We are interested in processing large amounts of text and doing non-trivial things with it. For example, we want to do part-of-speech tagging, entity tagging, parsing and extensive featurization of text from large text corpora. These sorts of operations can be both memory and CPU intensive. We can't wait a week for a job running on a standalone machine to finish processing multi-gigs of text. We also don't have easy access to a capitalized cluster. The best option for us is to push the data up to a cloud, and to use the map/reduce paradigm for parallelizing the processing. The Apache Hadoop project provides the framework for doing this, and Amazon's Elastic Map Reduce makes this easy and cheap. We have some preliminary benchmarks based on a small set of sample text data that demonstrate the value of this approach.

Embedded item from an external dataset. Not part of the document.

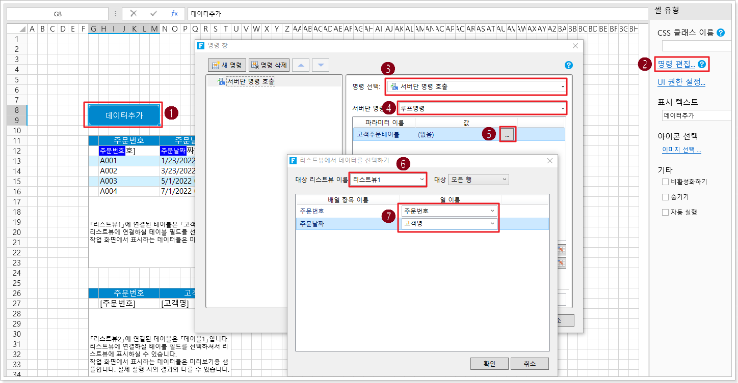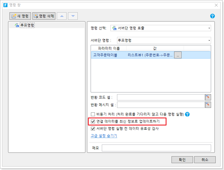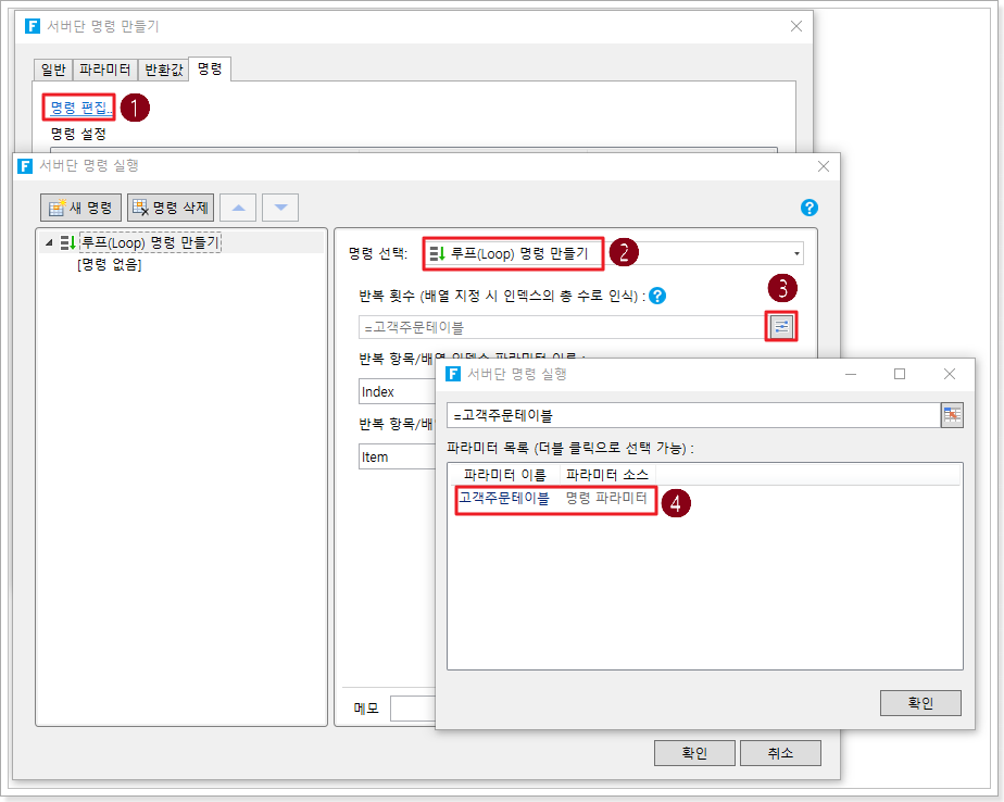 서버단 명령을 편집하는 명령입니다. [명령 편집] 하이퍼링크를 클릭하고 서버단 명령 실 대화 상자를 표시하고 명령선택에서 "루프 명령 만들기"를 선택합니다.
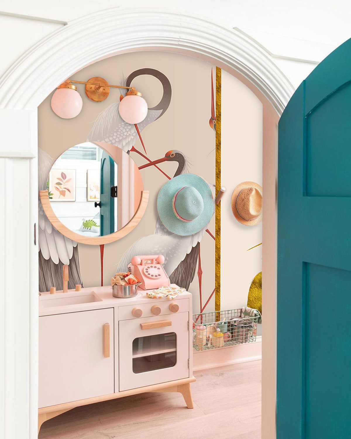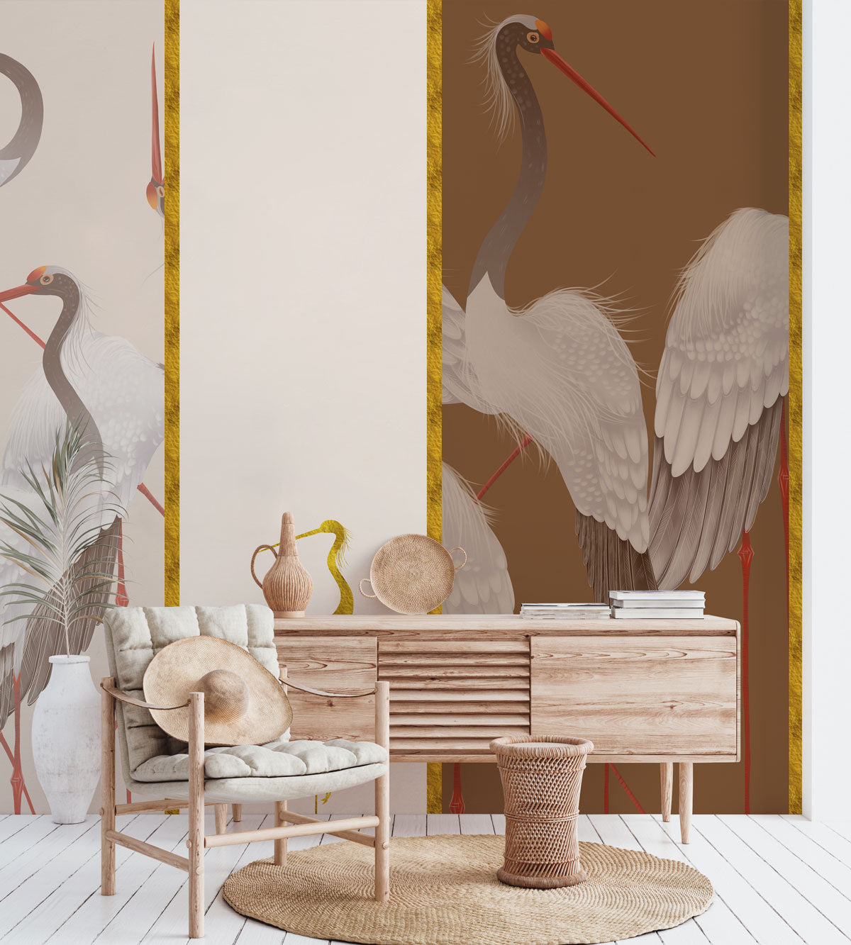 Apportez la beauté de la nature à l'intérieur avec ce papier peint mural représentant une grue à couronne rouge. Soigneusement détaillé pour imiter les fins coups de pinceau que l'on trouve dans les impressions à l'encre japonaise traditionnelle, ce papier peint mural au design étonnant apportera la tranquillité du Japon à votre maison. Les couleurs douces et apaisantes du blanc et la nuance audacieuse et vive du rose avec des images d'oiseaux simples sont parfaites pour les chambres à coucher ou les salons. Ce design mettra instantanément en valeur le symbole de la longue vie, de la bonne fortune et de la paix dans de nombreuses cultures asiatiques, directement sur vos murs, en un rien de temps et sans souci.

Our task was to run a part-of-speech tagger on sentences extracted from blogs. We implemented our map/reduce in Java. The mapper class used the Stanford POS tagger to get parts-of-speech for each word in a sentence, with each sentence assigned a key that consisted of a unique blog post id with the sentence's relative position in the document as a suffix. The reducer just wrote the results of the tagging of each sentence to a file with the key.

Example Input - Raw sentences


2272096_0 For the most part, the traditional news outlets lead and the blogs follow, typically by 2.
2272096_1 5 hours, according to a new computer analysis of news articles and commentary on the Web during the last three months of the 2008 presidential campaign.
2272096_2 Skip to next paragraph Multimedia Graphic Picturing the News Cycle The finding was one of several in a study that Internet experts say is the first time the Web has been used to track — and try to measure — the news cycle, the process by which information becomes news, competes for attention and fades.
2272096_3 Researchers at Cornell, using powerful computers and clever algorithms, studied the news cycle by looking for repeated phrases and tracking their appearances on 1.
2272096_4 6 million mainstream media sites and blogs.
2272096_5 Some 90 million articles and blog posts, which appeared from August through October, were scrutinized with their phrase-finding software.
2272096_6 Frequently repeated short phrases, according to the researchers, are the equivalent of “genetic signatures??
2272096_7 for ideas, or memes, and story lines.
2272096_8 The biggest text-snippet surge in the study was generated by “lipstick on a pig.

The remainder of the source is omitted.